# EXERCISE DETAILS:
In the records that follow, find the line containing "在认真听取了两位老师做的直播" and the line containing "Die Wäsche war", then transcribe both and every line between them exactly, omitting pictures.

# GIVEN DATA:
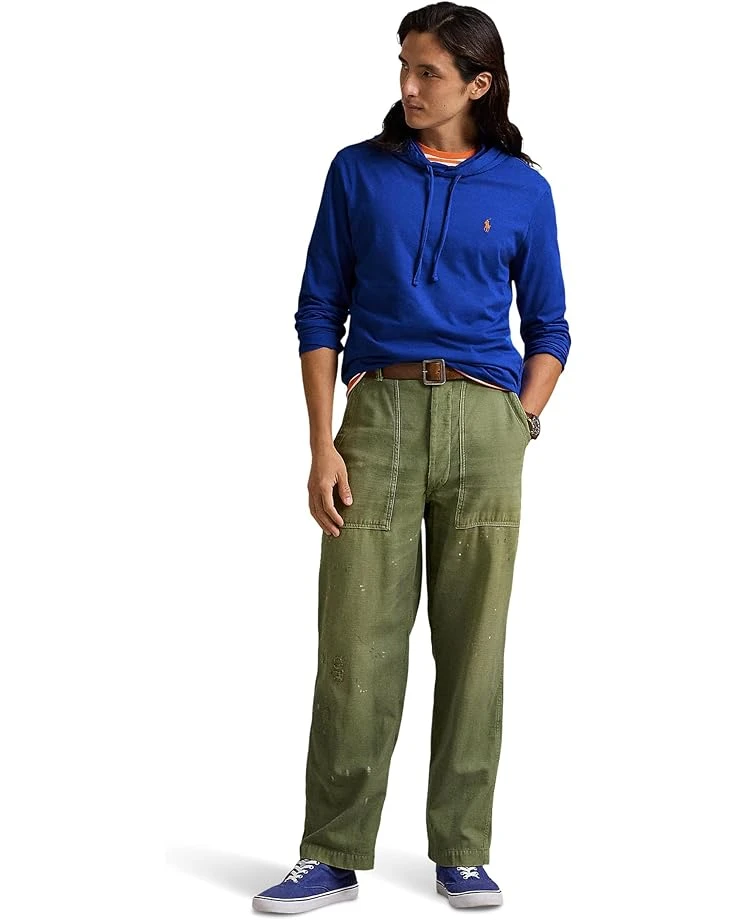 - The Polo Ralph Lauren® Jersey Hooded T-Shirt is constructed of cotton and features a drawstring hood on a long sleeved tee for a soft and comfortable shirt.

---

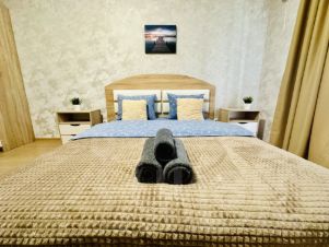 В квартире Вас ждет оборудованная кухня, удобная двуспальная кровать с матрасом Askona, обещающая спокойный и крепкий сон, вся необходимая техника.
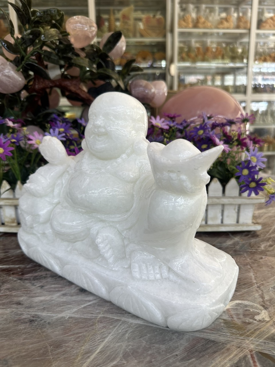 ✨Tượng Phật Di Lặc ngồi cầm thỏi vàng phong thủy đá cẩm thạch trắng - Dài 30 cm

--

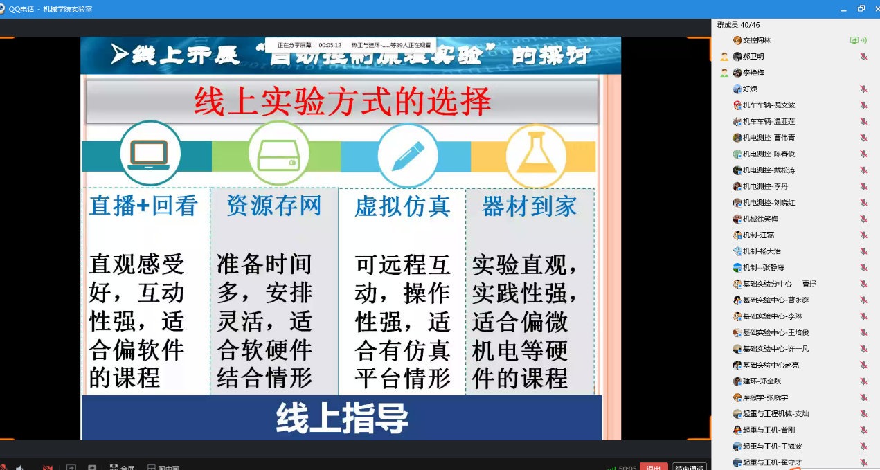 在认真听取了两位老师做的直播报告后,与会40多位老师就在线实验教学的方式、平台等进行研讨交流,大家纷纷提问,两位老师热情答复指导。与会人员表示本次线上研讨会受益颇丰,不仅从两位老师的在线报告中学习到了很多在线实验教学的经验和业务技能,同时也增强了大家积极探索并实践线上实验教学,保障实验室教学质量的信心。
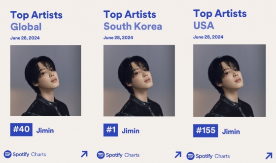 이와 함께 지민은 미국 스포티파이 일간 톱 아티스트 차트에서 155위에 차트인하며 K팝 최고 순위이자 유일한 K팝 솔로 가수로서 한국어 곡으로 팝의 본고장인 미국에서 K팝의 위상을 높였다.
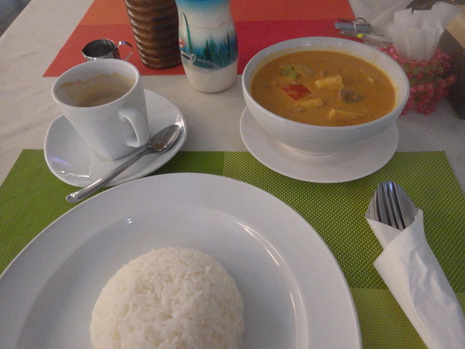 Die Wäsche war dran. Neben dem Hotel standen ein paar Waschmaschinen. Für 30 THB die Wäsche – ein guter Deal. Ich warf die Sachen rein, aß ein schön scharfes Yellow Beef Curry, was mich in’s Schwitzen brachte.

# COMPLETED EXERCISE:
 在认真听取了两位老师做的直播报告后,与会40多位老师就在线实验教学的方式、平台等进行研讨交流,大家纷纷提问,两位老师热情答复指导。与会人员表示本次线上研讨会受益颇丰,不仅从两位老师的在线报告中学习到了很多在线实验教学的经验和业务技能,同时也增强了大家积极探索并实践线上实验教学,保障实验室教学质量的信心。
 이와 함께 지민은 미국 스포티파이 일간 톱 아티스트 차트에서 155위에 차트인하며 K팝 최고 순위이자 유일한 K팝 솔로 가수로서 한국어 곡으로 팝의 본고장인 미국에서 K팝의 위상을 높였다.
 Die Wäsche war dran. Neben dem Hotel standen ein paar Waschmaschinen. Für 30 THB die Wäsche – ein guter Deal. Ich warf die Sachen rein, aß ein schön scharfes Yellow Beef Curry, was mich in’s Schwitzen brachte.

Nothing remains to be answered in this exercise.